Well I have to admit the title doesn’t give much useful info. But below is a simplest example that reproduces the issue. Basically I have 2 functions (rbf, linear) that have slightly different arguments, so I was trying to write another layer (kernel) which will choose which to call depending on the value of a. I wrote a benchmark1 to see how fast it is to call rbf/linear directly, and benchmark2 to test the speed of having the extra kernel layer. The result was quite unexpected, on my machine benchmark2 takes 100x longer than benchmark1. And more curiously, if I change the content of linear function to something much simpler, for example x1[0] + x2[0], benchmark2 runs much faster, even though the linear function is never really called (when a=1.0).
import numpy as np
import numba as nb
import time
@nb.njit
def rbf(x1, x2, a) -> float:
s = 0
for i in range(x1.shape[0]):
d = x1[i] - x2[i]
s += d**2
return np.exp(-a * s)
@nb.njit
def linear(x1, x2) -> float:
s = 0
for i in range(x1.shape[0]):
s += (x1[i] * x2[i])
return s
# return x1[0] + x2[0]
@nb.njit
def benchmark1(x1, x2, a):
for i in range(x1.shape[0]):
if a > 1e-6:
_ = rbf(x1[i], x2[i], a)
else:
_ = linear(x1[i], x2[i])
@nb.njit
def kernel(x1, x2, a):
if a > 1e-6:
return rbf(x1, x2, a)
else:
return linear(x1, x2)
@nb.njit
def benchmark2(x1, x2, a):
for i in range(x1.shape[0]):
_ = kernel(x1[i], x2[i], a)
# warming up
benchmark1(np.random.random((10, 2)), np.random.random((10, 2)), 1.0)

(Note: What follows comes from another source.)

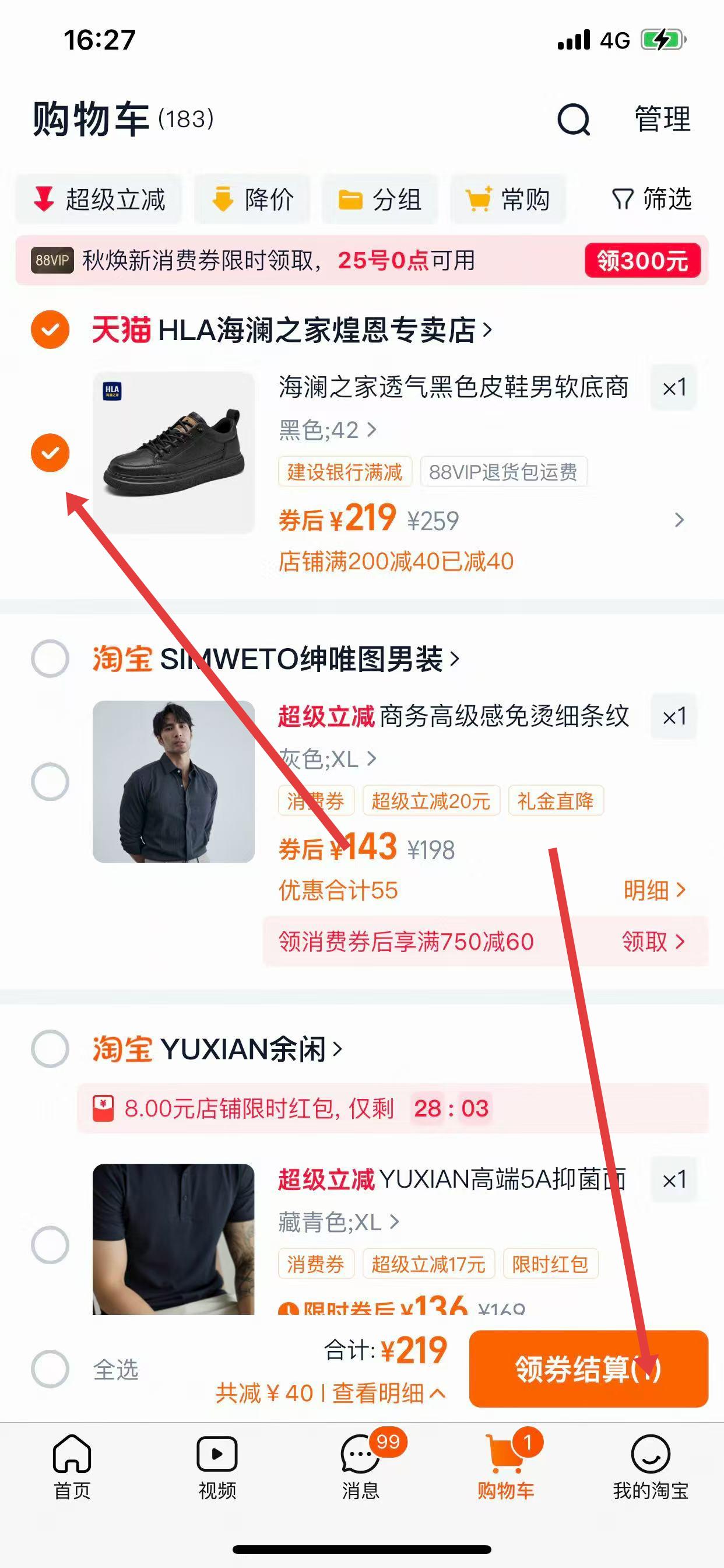 1、打开淘宝APP,点击底部「购物车」,进入购物车页面后,勾选想要购买的商品,点击「领券结算」或「结算」。

benchmark2(np.random.random((10, 2)), np.random.random((10, 2)), 1.0)
size = (10000, 100)
X1 = np.random.random(size)
X2 = np.random.random(size)
t0 = time.perf_counter()
benchmark1(X1, X2, 1.0)
t1 = time.perf_counter()
print(f'Benchmark1: {(t1-t0)*1e6:.3f} us.')
time.sleep(2)
X1 = np.random.random(size)
X2 = np.random.random(size)
t0 = time.perf_counter()
benchmark2(X1, X2, 1.0)
t1 = time.perf_counter()
print(f'Benchmark2: {(t1-t0)*1e6:.3f} us.')
Can someone help me to understand why this is happening?